Records shown.
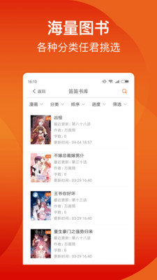 2、平台收录了数十万册各类题材小说,涵盖言情、玄幻、科幻、悬疑等主流类型,同时还有大量精品漫画作品,满足不同用户的阅读需求。
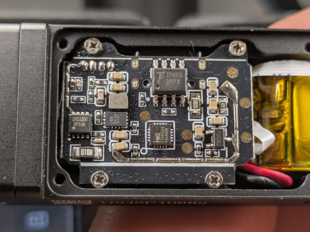 UV regulation: The UV LED stays a consistent brightness down to ~25% and then won’t work below that, so I think it may have its own boost circuit just for that LED. Normally UV LEDs are very poorly regulated unless they’re on a boost circuit.
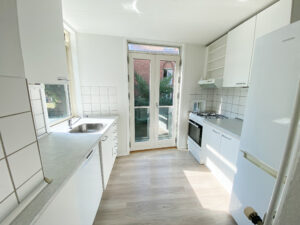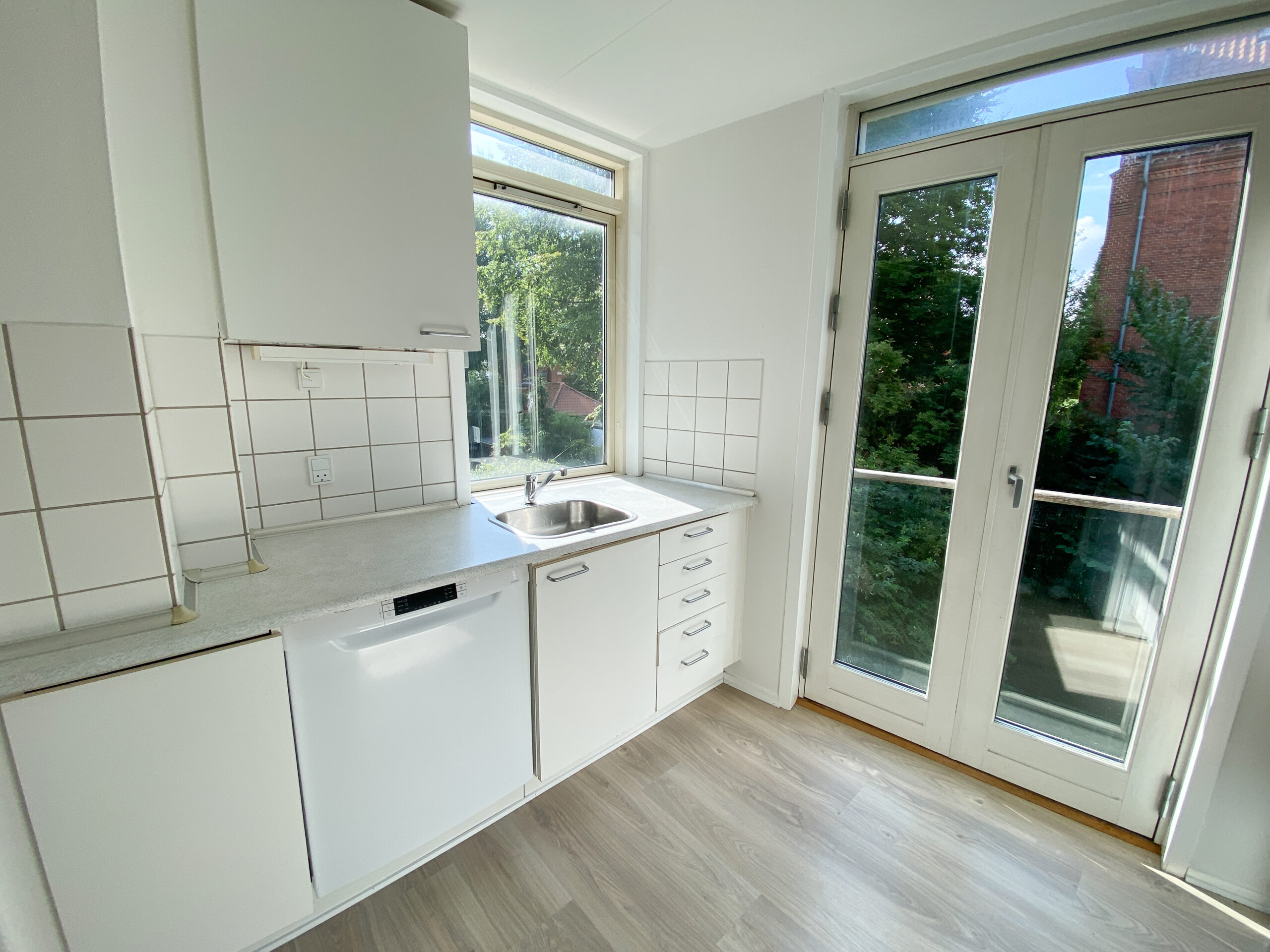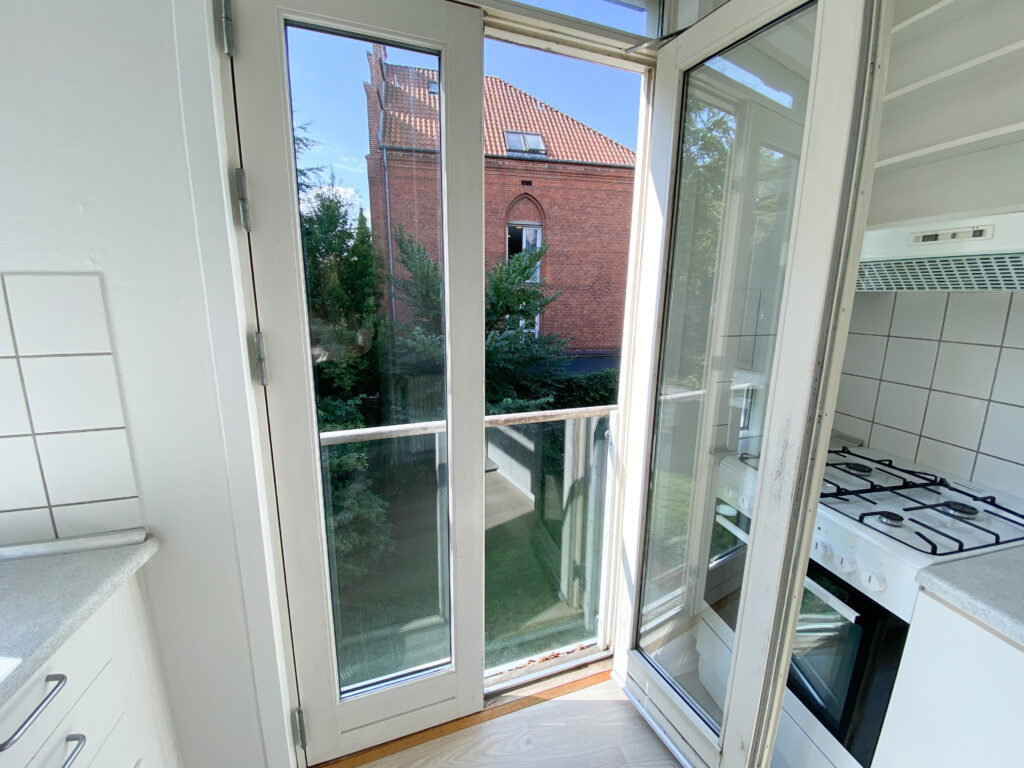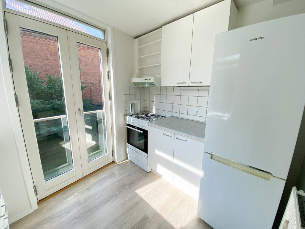 Fra værelset træder du ud i en mellemgang, som kan udnyttes optimalt til en lille arbejdsplads eller en spiseplads. I den ene ende af gangen finder du lejlighedens køkken, der er indrettet med køkkenelementer på begge sider og afsluttes af en skøn fransk altan, som giver et dejligt lysindfald. Køkkenet er funktionelt og indeholder blandt andet en opvaskemaskine.
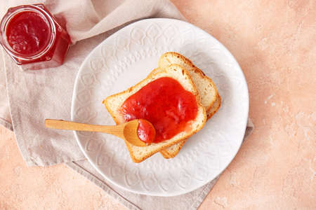 Plate with tasty strawberry jam and bread on color background
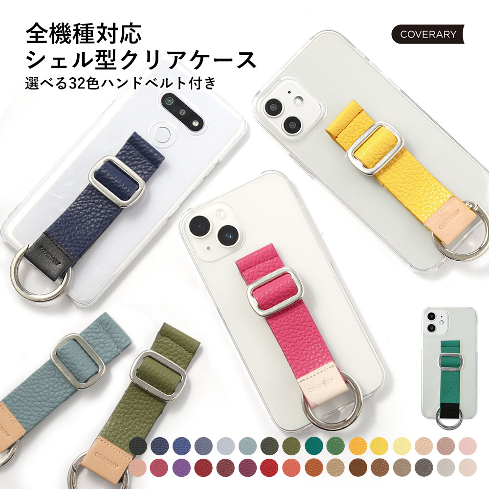 ■32色から選べる本革ハンドベルト付きクリアハードケース。

Work order. Reproduce all of the entries above word for word, but leave out their pictures.

Solved problem.
 2、平台收录了数十万册各类题材小说,涵盖言情、玄幻、科幻、悬疑等主流类型,同时还有大量精品漫画作品,满足不同用户的阅读需求。
 UV regulation: The UV LED stays a consistent brightness down to ~25% and then won’t work below that, so I think it may have its own boost circuit just for that LED. Normally UV LEDs are very poorly regulated unless they’re on a boost circuit.
 Fra værelset træder du ud i en mellemgang, som kan udnyttes optimalt til en lille arbejdsplads eller en spiseplads. I den ene ende af gangen finder du lejlighedens køkken, der er indrettet med køkkenelementer på begge sider og afsluttes af en skøn fransk altan, som giver et dejligt lysindfald. Køkkenet er funktionelt og indeholder blandt andet en opvaskemaskine.
 Plate with tasty strawberry jam and bread on color background
 ■32色から選べる本革ハンドベルト付きクリアハードケース。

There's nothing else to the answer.